Prompt:
From the line containing "必赢官网2009级的同学已顺" to the line containing "最後一跳、逆風而行,林昱堂在" in the entries below, reproduce every line exactly, ends included. Nothing else belongs in the copy, and no pictures.

Input records:
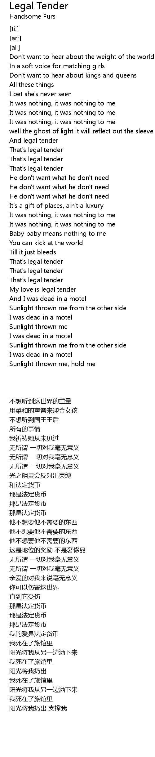 My love is legal tender |
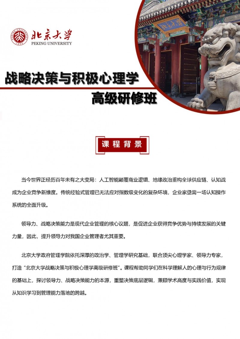 > 北京大学战略决策与积极心理学高级研修班2026年招生简章
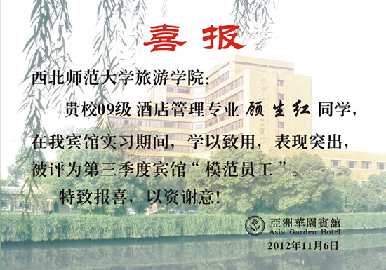 必赢官网2009级的同学已顺利结束了在宁波亚洲华园宾馆的实习。酒店管理2班顾生红同学在实习期间,热爱本职工作,勤奋好学,善于思考,兢兢业业,在师傅及同事、领导的帮助和指导下,很快的掌握了前台接待的业务知识,独立上岗后更是积极主动,自我加压,使自身的工作能力和业务素质很快得到提高,得到了良好锻炼,由于表现突出,被评为亚洲华园宾馆第三季度“模范员工”,在此向顾生红同学表示祝贺,希望广大实习生向她学习,在平凡的实习岗位上充分展示自己的风采,为大学生活留下精彩的回忆。
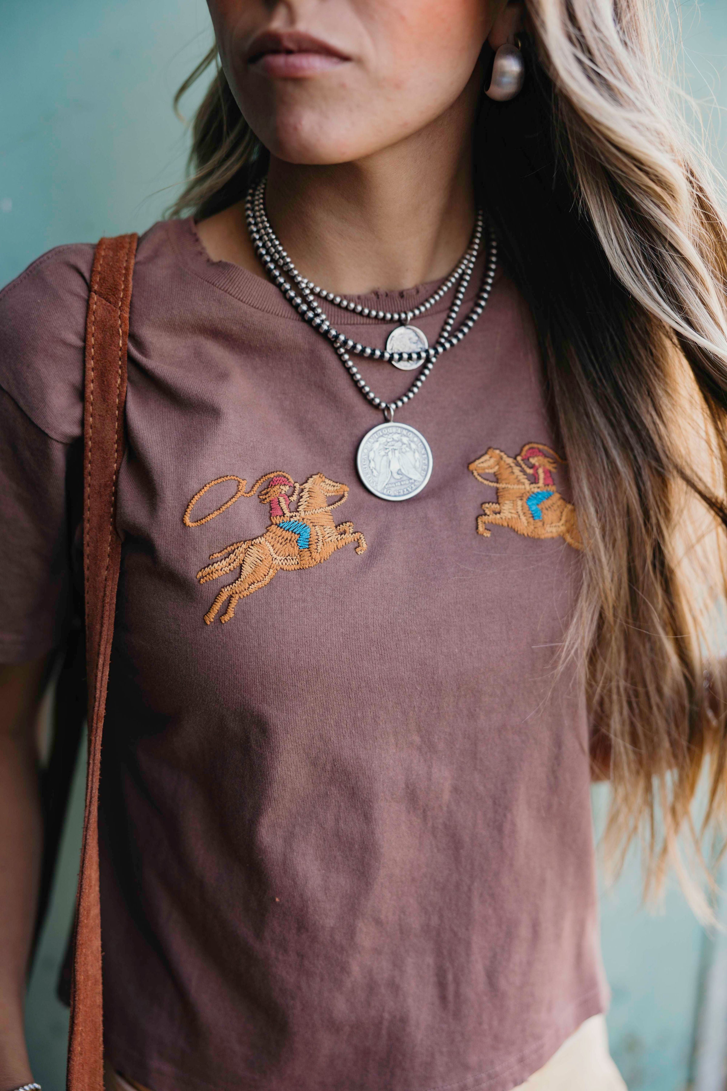 Embrace fall vibes with The Silas Tee, a brown western graphic tee featuring a playful puff stitch cowboy roping design. Its cropped length and seamless construction with distressed edges add a fun, rugged twist to your casual wardrobe. Perfect for layering or solo wear, it’s your go-to tee for autumn adventures with a spirited western flair.
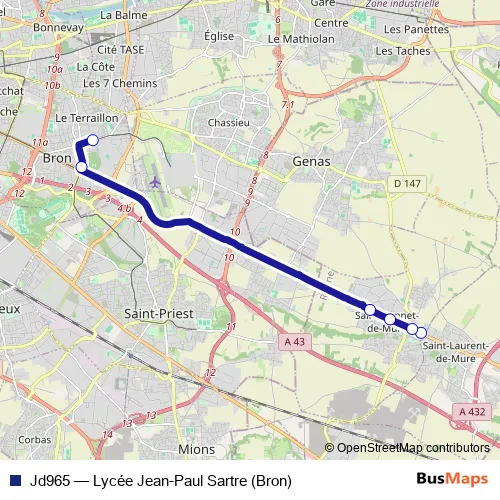 Click here to view the nearest Jd965 - Lycée Jean-Paul Sartre (Bron) bus stop.
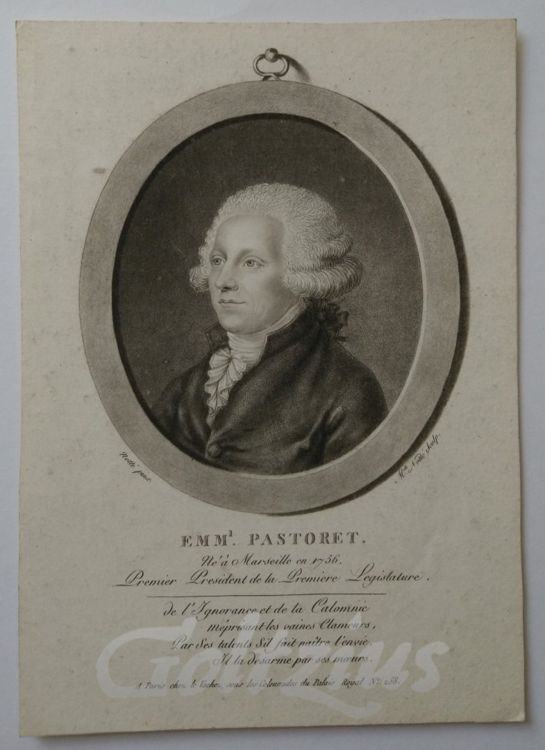 Emml. Pastoret Oval medallion portrait of Claude-Emmanuel Joseph Pierre, Marquess of Pastoret (Marseille 1755-1840 Paris), a French lawyer, author and politician. Aquatint on hand laid paper, sheet size 230 x 163 mm. Engraved by Mademoiselle Noté after Notté, published by Nicolas-François Le Vachez around 1790. We have not been able to establish any further information on 'Mademoiselle Noté'. Claude Jacques Notté (Nanteuil-sur-Marne 1753-1837) was a French miniature portrait painter. In very good condition, cropped within platemark. Some scattered faint soiling in the margins. A few small faint spots in the image area.
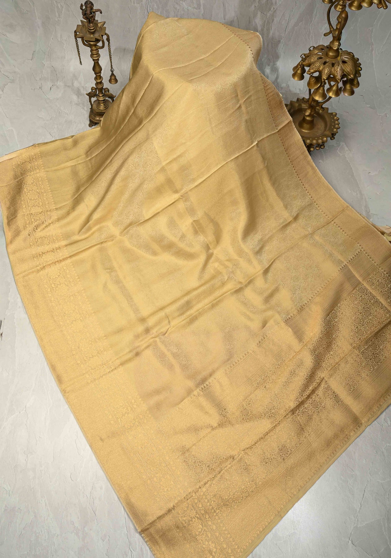 Embrace timeless sophistication with this elegant Beige Saree, featuring the graceful drape and subtle luster of Vegan Viscose Silk. This sustainable fabric choice offers all the luxury of silk while remaining cruelty-free.
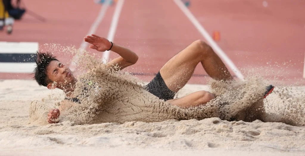 最後一跳、逆風而行,林昱堂在日本大阪木南道孝記念田徑賽、男子跳遠決賽,以個人最佳8公尺12破大會摘金。
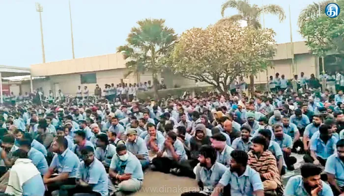 இதில், சிஐடியு தொழிலாளர்கள் சஸ்பெண்ட் செய்யப்பட்டதை திரும்பப்பெற வேண்டும், பழிவாங்கல் நடவடிக்கையை கைவிட வேண்டும். இன்டர்னல் யூனியனில் சேர தொழிலாளர்களை வற்புறுத்த கூடாது போன்ற கோரிக்கைகள் நிர்வாகத்திற்கு முன் வைக்கப்பட்டது. இதற்கு, நிறுவனம் மறுப்பு தெரிவித்த நிலையில் பேச்சுவார்த்தை தோல்வியில் முடிந்தது. இதன் காரணமாக, 2வது நாளான நேற்று காலை 8 மணி முதல் தொடங்கிய தொழிலாளர்களின் உள்ளிருப்பு போராட்டம் இரவு முதல் தொடர்ந்து நடைபெற்று வருகிறது. தொழிலாளர்களின் சஸ்பெண்ட் ஆணையை ரத்து செய்யும் வரை போராட்டம் தொடரும் என சிஐடியு தொழிலாளர்கள் தெரிவித்துள்ளனர்.
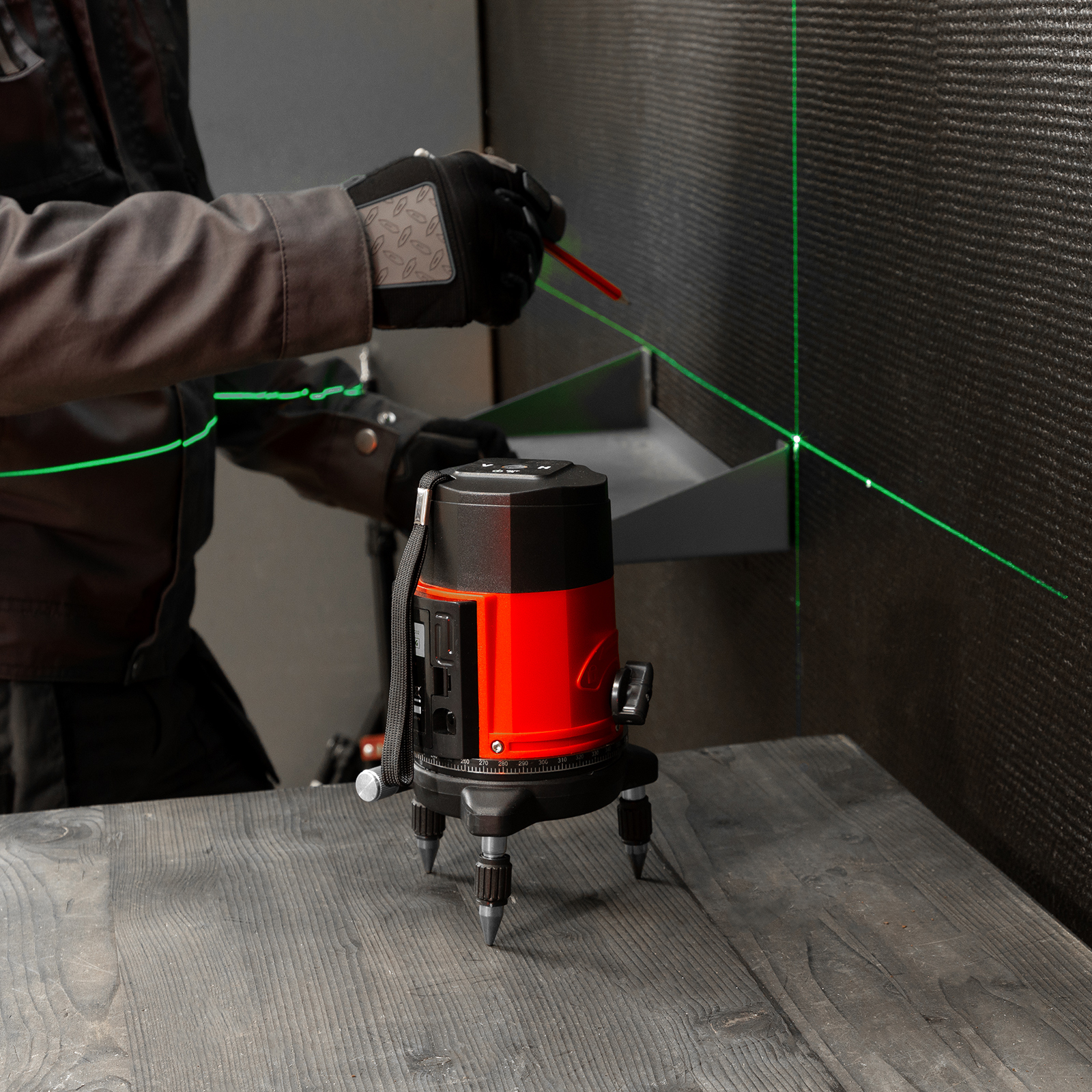 - Поворотное основание — можно плавно и точно наводить вертикальные лучи на нужный участок поверхности.

Answer to the problem:
 必赢官网2009级的同学已顺利结束了在宁波亚洲华园宾馆的实习。酒店管理2班顾生红同学在实习期间,热爱本职工作,勤奋好学,善于思考,兢兢业业,在师傅及同事、领导的帮助和指导下,很快的掌握了前台接待的业务知识,独立上岗后更是积极主动,自我加压,使自身的工作能力和业务素质很快得到提高,得到了良好锻炼,由于表现突出,被评为亚洲华园宾馆第三季度“模范员工”,在此向顾生红同学表示祝贺,希望广大实习生向她学习,在平凡的实习岗位上充分展示自己的风采,为大学生活留下精彩的回忆。
 Embrace fall vibes with The Silas Tee, a brown western graphic tee featuring a playful puff stitch cowboy roping design. Its cropped length and seamless construction with distressed edges add a fun, rugged twist to your casual wardrobe. Perfect for layering or solo wear, it’s your go-to tee for autumn adventures with a spirited western flair.
 Click here to view the nearest Jd965 - Lycée Jean-Paul Sartre (Bron) bus stop.
 Emml. Pastoret Oval medallion portrait of Claude-Emmanuel Joseph Pierre, Marquess of Pastoret (Marseille 1755-1840 Paris), a French lawyer, author and politician. Aquatint on hand laid paper, sheet size 230 x 163 mm. Engraved by Mademoiselle Noté after Notté, published by Nicolas-François Le Vachez around 1790. We have not been able to establish any further information on 'Mademoiselle Noté'. Claude Jacques Notté (Nanteuil-sur-Marne 1753-1837) was a French miniature portrait painter. In very good condition, cropped within platemark. Some scattered faint soiling in the margins. A few small faint spots in the image area.
 Embrace timeless sophistication with this elegant Beige Saree, featuring the graceful drape and subtle luster of Vegan Viscose Silk. This sustainable fabric choice offers all the luxury of silk while remaining cruelty-free.
 最後一跳、逆風而行,林昱堂在日本大阪木南道孝記念田徑賽、男子跳遠決賽,以個人最佳8公尺12破大會摘金。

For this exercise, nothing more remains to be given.